Q: How accurate is RTK positioning? Is it comparable to a total station? A: Generally, RTK-GNSS can achieve approximately 1–3 cm (0.4–1.2 in) horizontal accuracy and about 3 cm (1.2 in) vertical accuracy in open environments. It does not reach the millimeter-level strictness of optical total stations in all cases, but for many civil engineering surveys and construction management tasks it provides sufficient accuracy. Considering benefits such as measuring wide areas at once and the fact that global positioning does not accumulate errors between control points, RTK is practically comparable. However, accuracy can degrade due to multipath (signal reflection) or blockage when tall buildings or trees surround the site, so it is advisable to choose locations with good sky visibility when performing RTK surveys.

Q: Do you need special skills or qualifications to use RTK surveying? Can one person handle it? A: RTK surveying itself does not require special national qualifications. With a basic understanding of device operation and positioning principles, it can be used even by non-surveyors. Unlike traditional total station work, there is no need for an assistant to hold a prism, and in principle one-person operation is possible. Positioning apps on site provide guidance, so advanced skills such as instrument leveling or angle reading are not required. However, judging the accuracy of obtained coordinates and reflecting survey results in drawings requires some knowledge of surveying standards and coordinate systems. Also, for official survey deliverables, it is still advisable to perform work under the supervision of a licensed surveyor.

Q: Can RTK surveying be done at sites without network connectivity, such as mountainous areas? A: Yes. Network RTK correction information is typically delivered via mobile networks, but in areas without mobile coverage there is an option to use the QZSS (Michibiki) “CLAS” augmentation signals. CLAS-compatible RTK receivers can receive correction information from satellites and maintain centimeter-level positioning (half-inch accuracy) even in mobile network dead zones. However, in dense forests where sky visibility itself is poor, satellite signals may not be received and RTK solutions may fail to obtain a fixed solution. In such cases, measures such as temporarily surveying from an open location and transferring relative positions, or combining with traditional methods, may be necessary.

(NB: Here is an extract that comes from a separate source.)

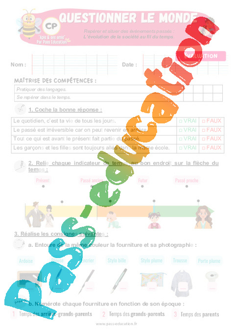 6 Evaluation : Primaire 1 L’évolution de la société au fil du temps pdf

Q: Introducing RTK seems costly—does it offer good cost-effectiveness? A: Introducing RTK requires initial investments in receivers and possibly correction service subscriptions, but the efficiency gains often make it cost-effective. For example, if a survey that previously required two people a full day can be completed by one person in a few hours, labor cost savings can be substantial. Recently, low-cost smartphone-compatible RTK receivers and monthly subscription correction services have become available, so high-precision positioning is attainable without the hundreds-of-thousands-of-dollars investments of the past. Considering productivity improvements and labor savings on site, RTK typically provides very high cost-effectiveness.

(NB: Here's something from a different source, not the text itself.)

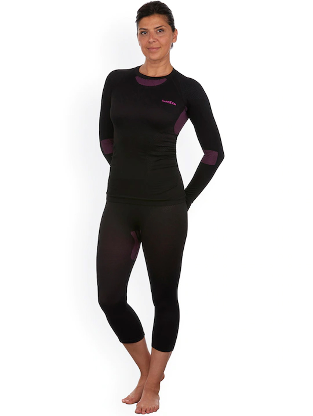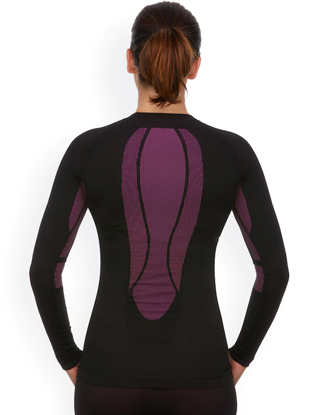 Black solid thermal top, has round neck, long sleeves

Q: If we have RTK, can we stop using total stations and levels altogether? A: RTK streamlines many surveying tasks, but traditional instruments still have roles in certain situations. For example, in tunnels or building interiors where satellite signals cannot reach, total stations and levels remain indispensable. Also, for short-distance leveling requiring millimeter precision or equipment alignment measurements, optical instruments can be more reliable. Therefore, rather than replacing all traditional instruments with RTK, it is recommended to use RTK for outdoor wide-area surveys and complement it with optical instruments for fine, detailed measurements. Using both appropriately will balance productivity and accuracy across surveying tasks.